警察でも仮想通貨に関する知識や知見のある人がいないと、うまく事が運ばず泣き寝入りすることになるかもしれません。

じつは警察には提出された被害届は必ず受理しなければならないというルール(犯罪捜査規範61条)があり、被害届の受理とともに捜査が始まります。
しかし、警察でも避ける人員や操作の優先度があるため、証拠がそろっていて確実に事件性のあるものでないと、被害届を受理してくれない場合もあるそうです。
(特に軽微なトラブルの場合などは、被害届よりも当事者間での示談を勧められるんだとか)

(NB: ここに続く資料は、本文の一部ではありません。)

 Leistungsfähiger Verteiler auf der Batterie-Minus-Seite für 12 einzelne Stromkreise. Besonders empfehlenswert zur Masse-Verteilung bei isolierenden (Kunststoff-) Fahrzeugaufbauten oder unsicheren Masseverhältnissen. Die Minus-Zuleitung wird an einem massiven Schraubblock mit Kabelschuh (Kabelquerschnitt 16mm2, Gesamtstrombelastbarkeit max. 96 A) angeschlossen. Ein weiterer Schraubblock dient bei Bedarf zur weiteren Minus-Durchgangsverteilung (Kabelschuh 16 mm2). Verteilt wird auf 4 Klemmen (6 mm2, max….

出野さんの場合も、被害届の提出ができなかったようです。
もしかしたら、事件の重大性を理解出来なかった担当の刑事さんが「仮想通貨?おもちゃのお金かなあ?」といった具合に、あまり深刻に捉えてもらえなかったのかもしれません。

しかし、仮に警察に被害届を受理してもらえたとしても、犯人を見つけるのはかなりむずかしいでしょう。

例えば出野さんの話では、犯人は出野さんのアカウントを乗っ取り、口座に入っていた仮想通貨をすべて日本円に換金、さらにそれをビットコインに交換したうえで、犯人自身のウォレットに送金していました。
犯人が送金したウォレットのアドレス自体はブロックチェーンを照会すればわかりますが、そのウォレットが現実にいる誰のものなのかという個人情報まで特定することはほぼ不可能です。

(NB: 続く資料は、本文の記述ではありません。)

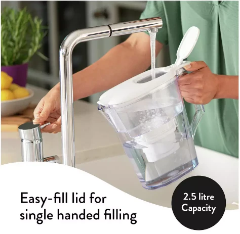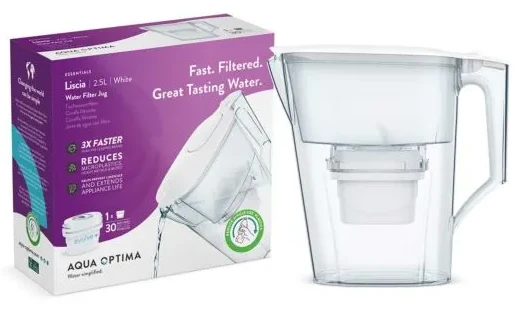 Aqua Optima Liscia Jug, 2.5litres capacity, Fridge door fit and Easy fill lid.

さらに、もし犯人が入手したビットコインを他の匿名通貨や法定通貨に交換するなどして、足跡のつかない方法で資金洗浄していれば、もはや追跡は不可能でしょう。

残念ですが、流出してしまった時点で仮想通貨を取り戻すことはほぼ無理だと思った方がよさそうです。

仮想通貨の盗難に遭った人

自分の資産を守るためにやるべき最低限のこと

仮想通貨の盗難に遭った人の多くは、取引所の口座に資産を預けっぱなしにしていることがよくあります。
チャンスがあればすぐに取引できるように口座の中に資金を入れておきたいという気持ちはよくわかります。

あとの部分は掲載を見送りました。